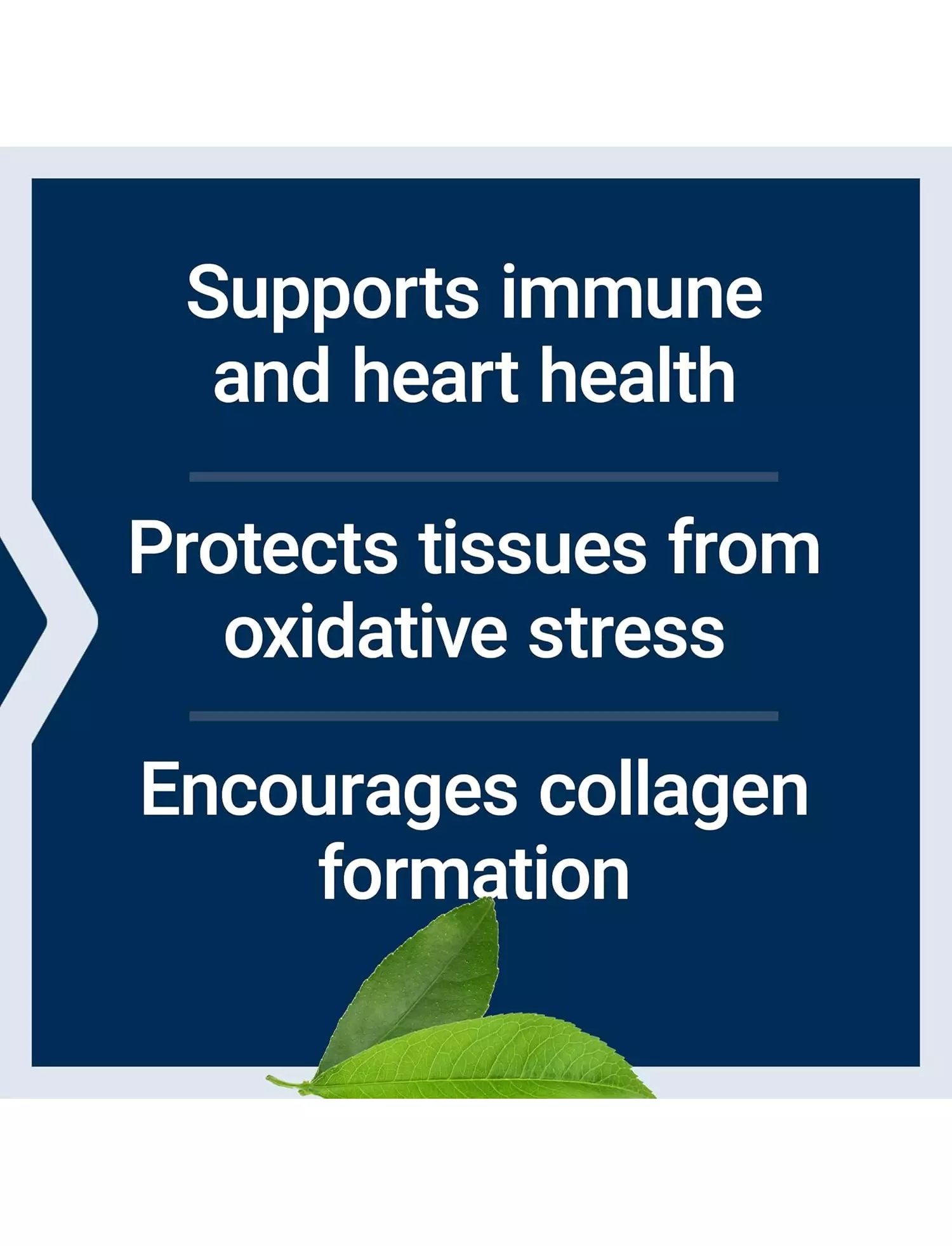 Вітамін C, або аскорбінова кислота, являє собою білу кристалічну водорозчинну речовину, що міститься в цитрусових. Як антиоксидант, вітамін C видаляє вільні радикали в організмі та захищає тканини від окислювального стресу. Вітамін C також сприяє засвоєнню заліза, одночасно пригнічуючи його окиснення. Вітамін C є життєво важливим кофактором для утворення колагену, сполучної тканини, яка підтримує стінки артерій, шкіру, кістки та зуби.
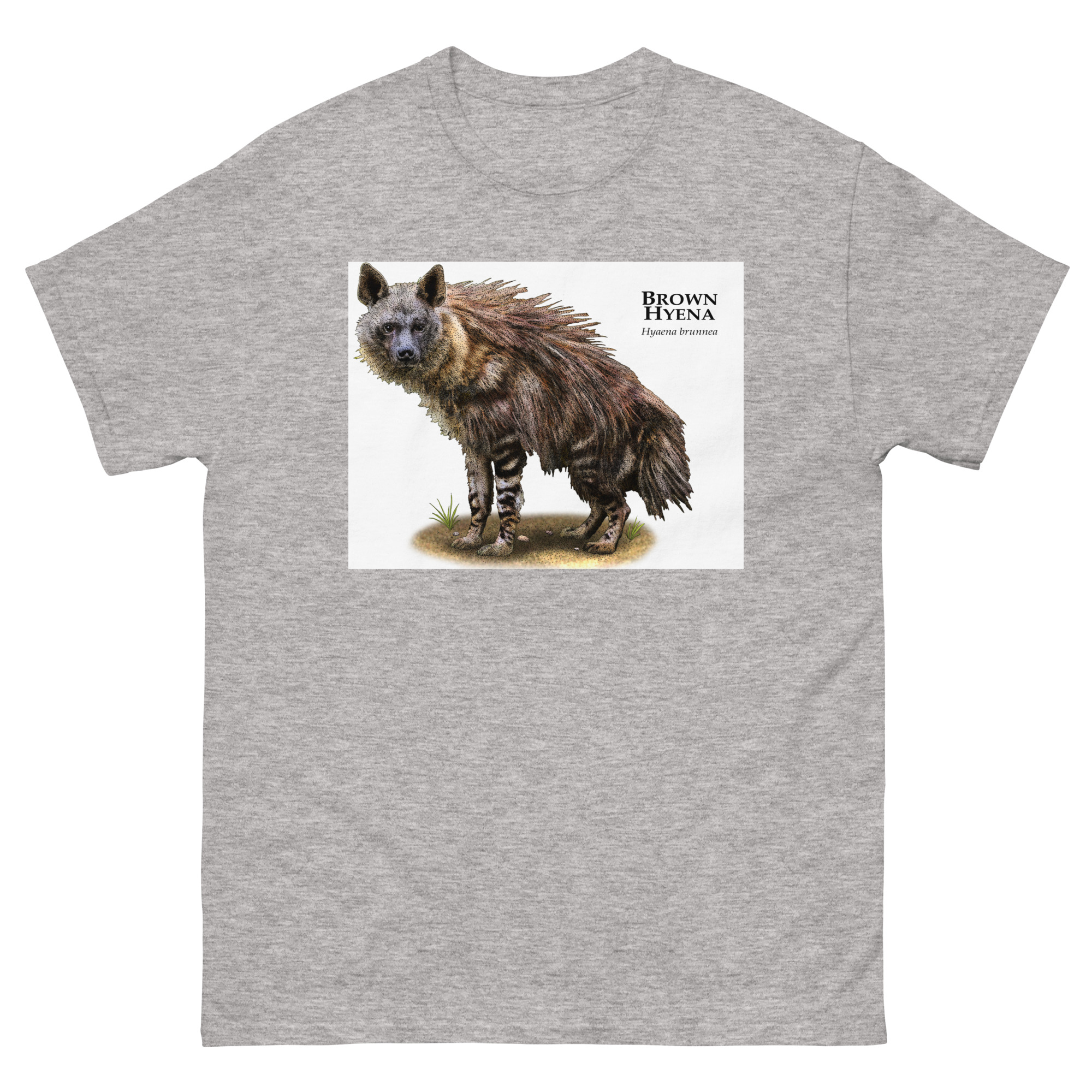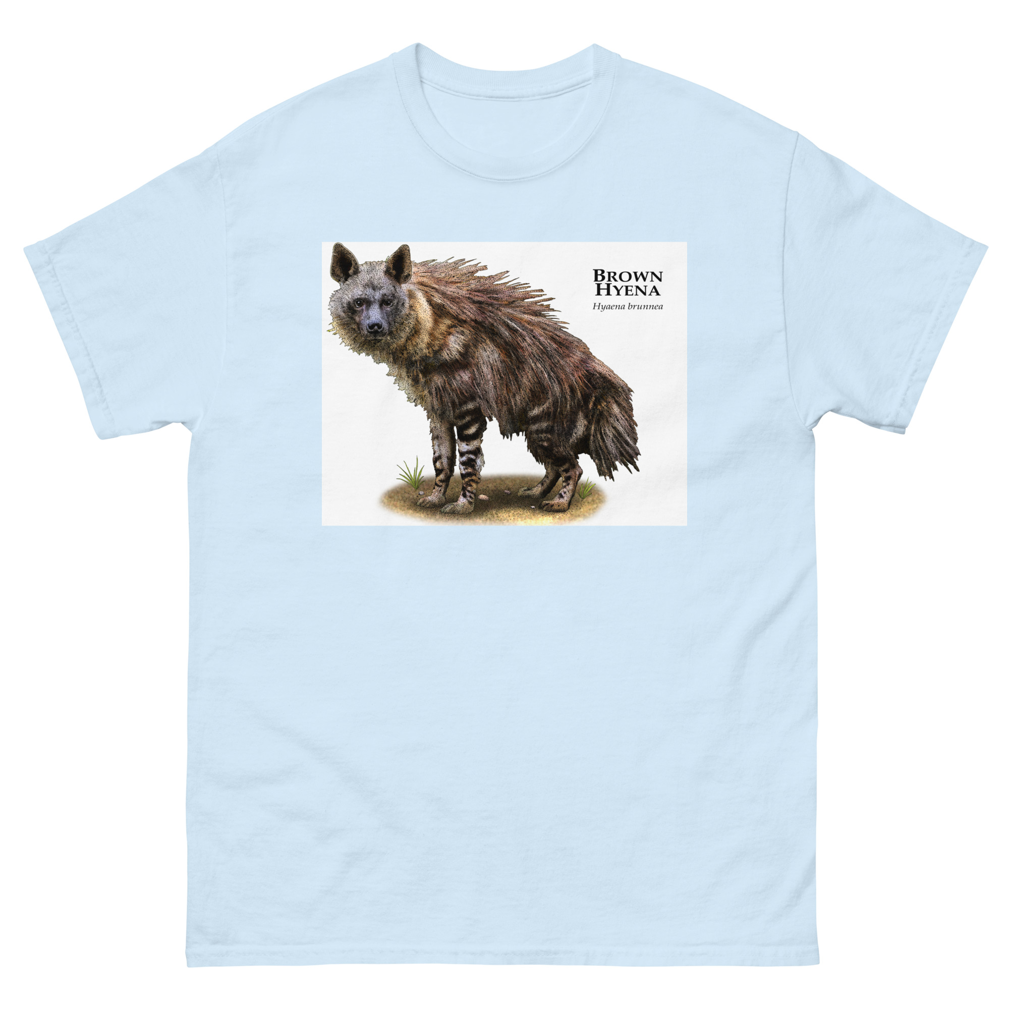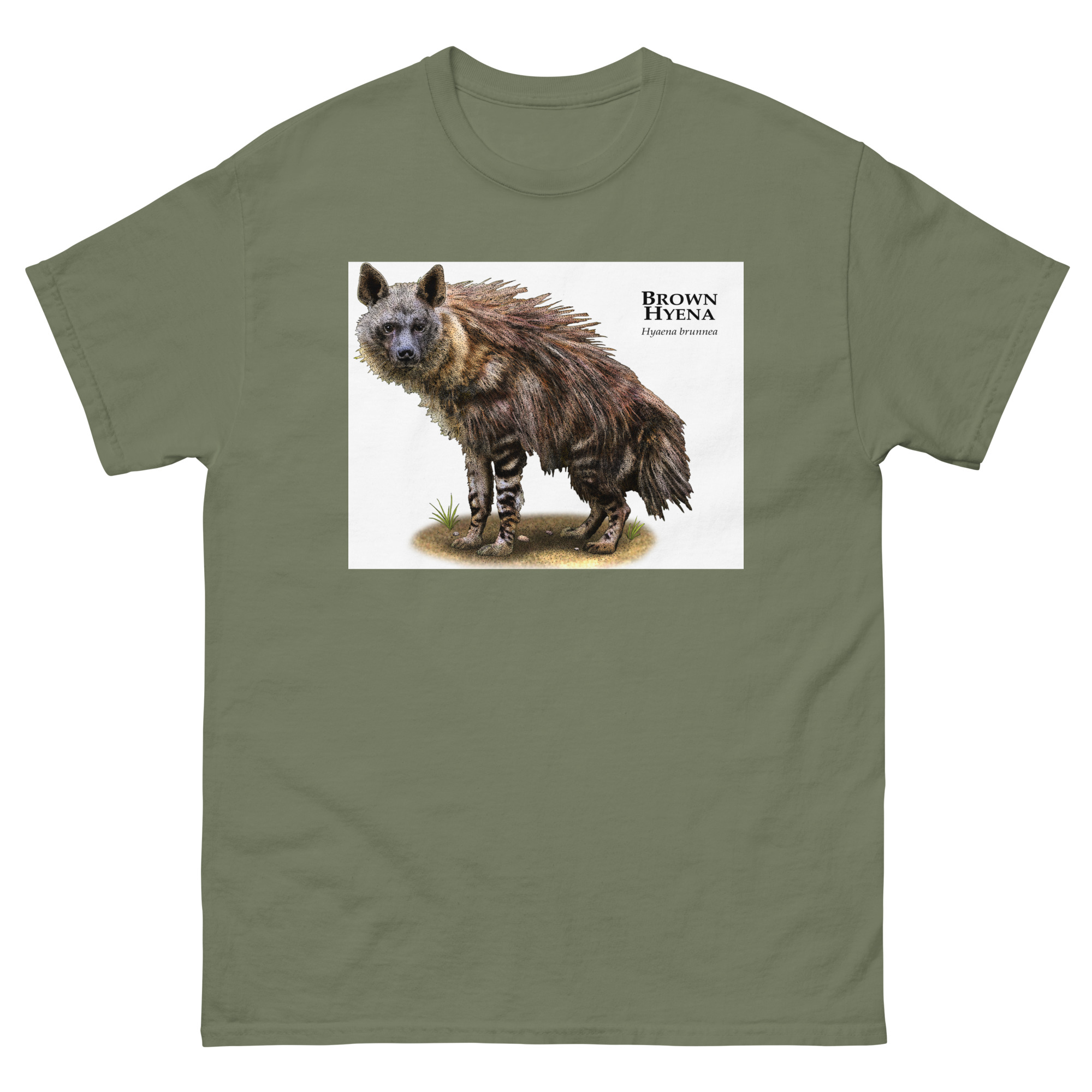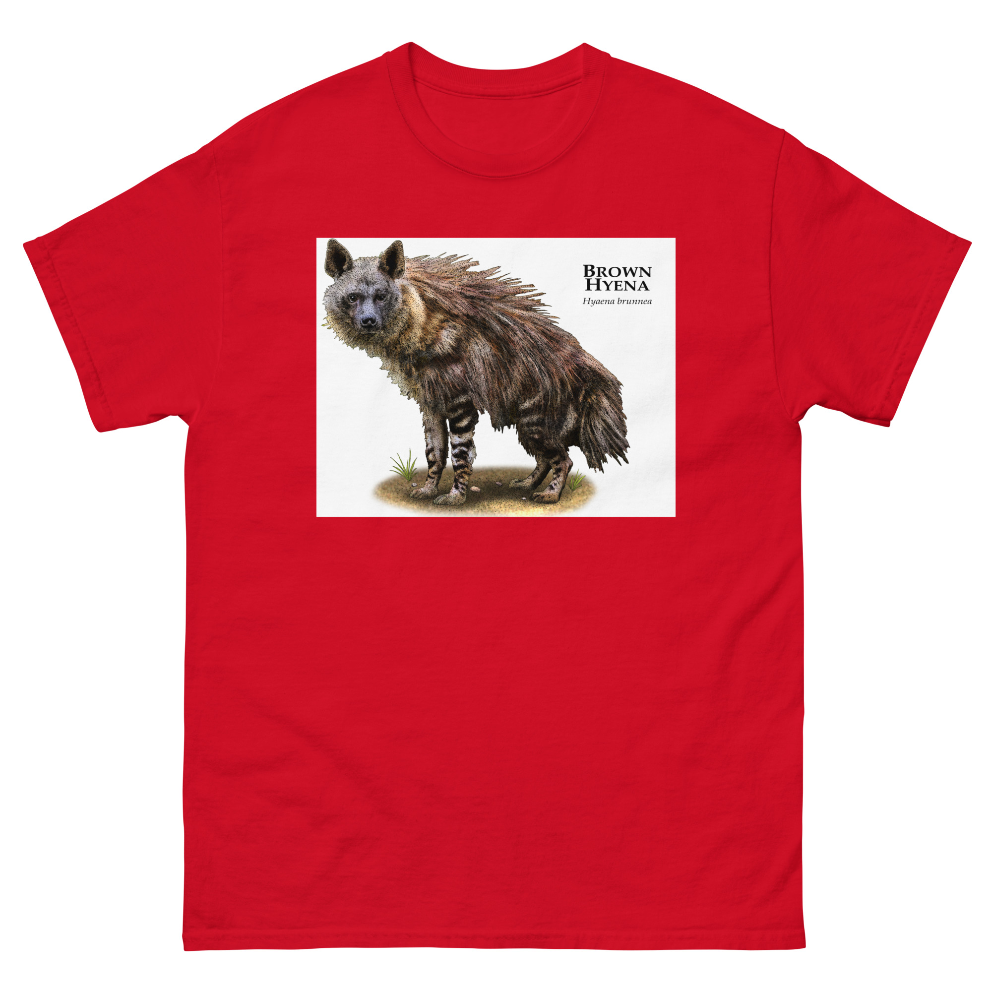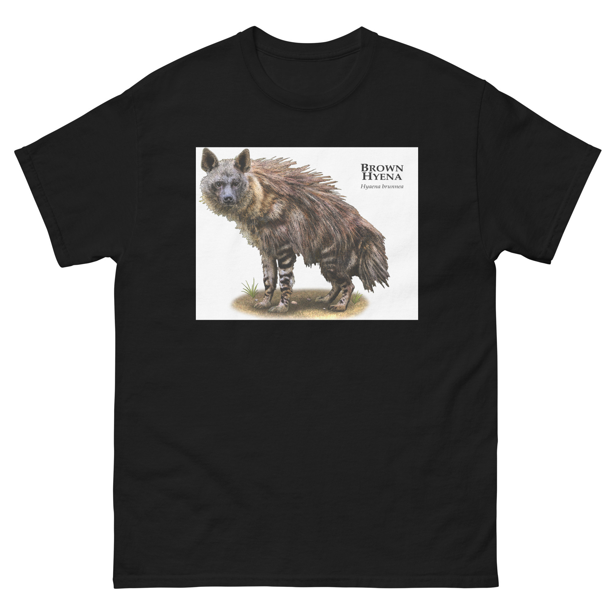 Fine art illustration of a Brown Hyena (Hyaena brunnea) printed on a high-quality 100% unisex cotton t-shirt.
········
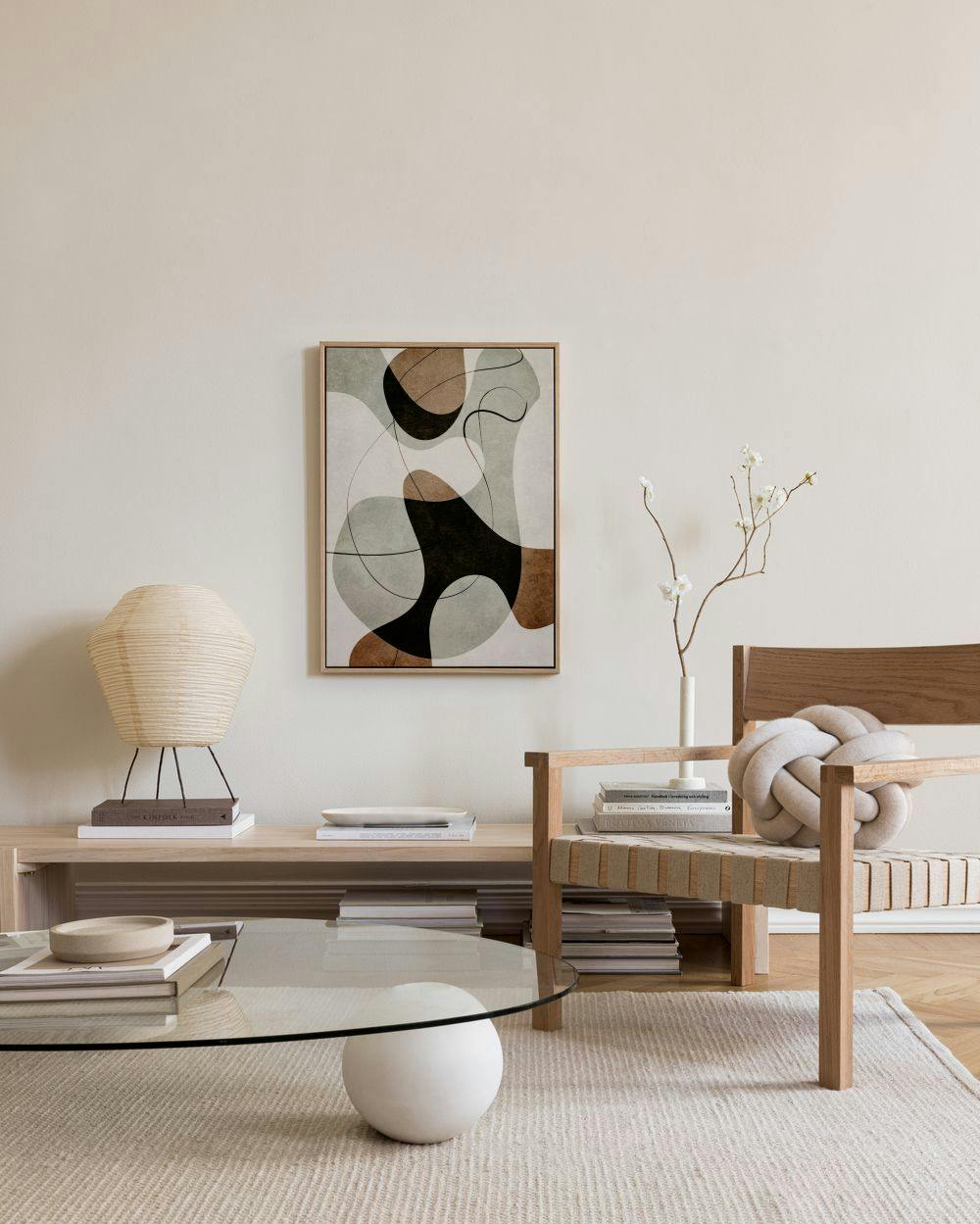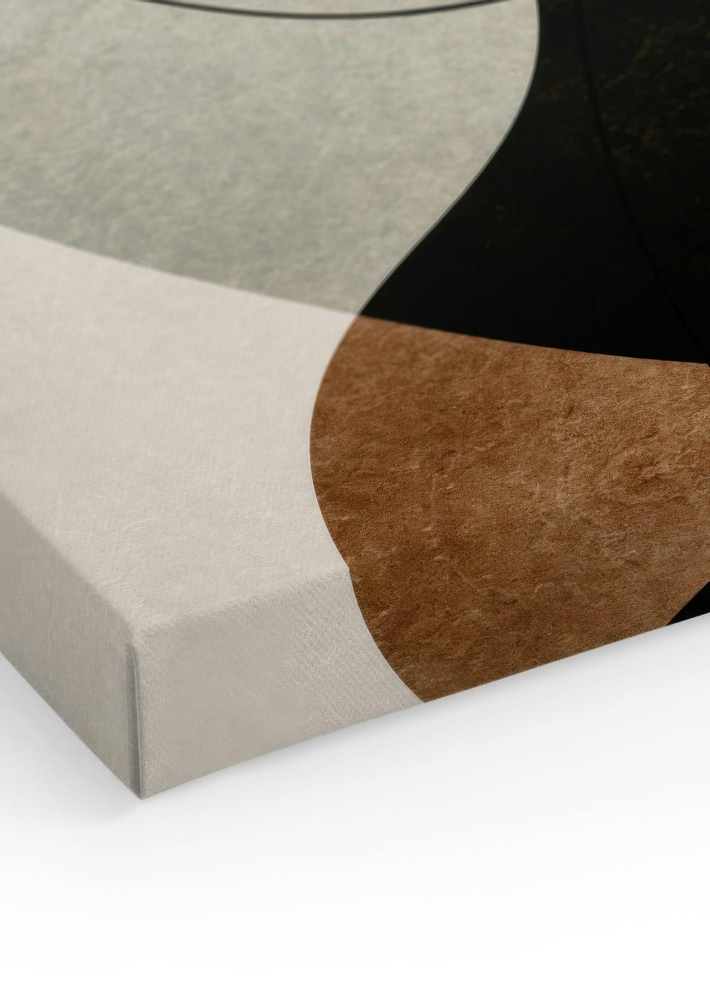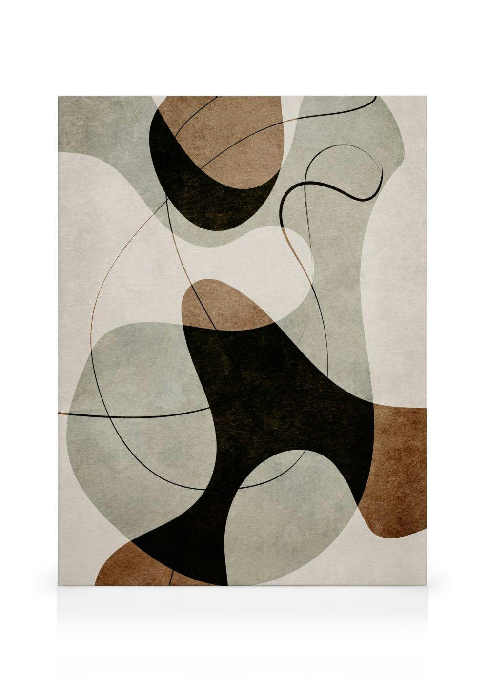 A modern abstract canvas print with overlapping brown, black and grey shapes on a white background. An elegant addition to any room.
········
● **PROBLEM STATEMENT**: Starting at the line with "Вітамін C, або" and finishing at the line with "Fine art illustration", copy the material above exactly, both lines included. Nothing else goes in, and no pictures.

● **EXERCISE ANSWER**:
 Вітамін C, або аскорбінова кислота, являє собою білу кристалічну водорозчинну речовину, що міститься в цитрусових. Як антиоксидант, вітамін C видаляє вільні радикали в організмі та захищає тканини від окислювального стресу. Вітамін C також сприяє засвоєнню заліза, одночасно пригнічуючи його окиснення. Вітамін C є життєво важливим кофактором для утворення колагену, сполучної тканини, яка підтримує стінки артерій, шкіру, кістки та зуби.
 Fine art illustration of a Brown Hyena (Hyaena brunnea) printed on a high-quality 100% unisex cotton t-shirt.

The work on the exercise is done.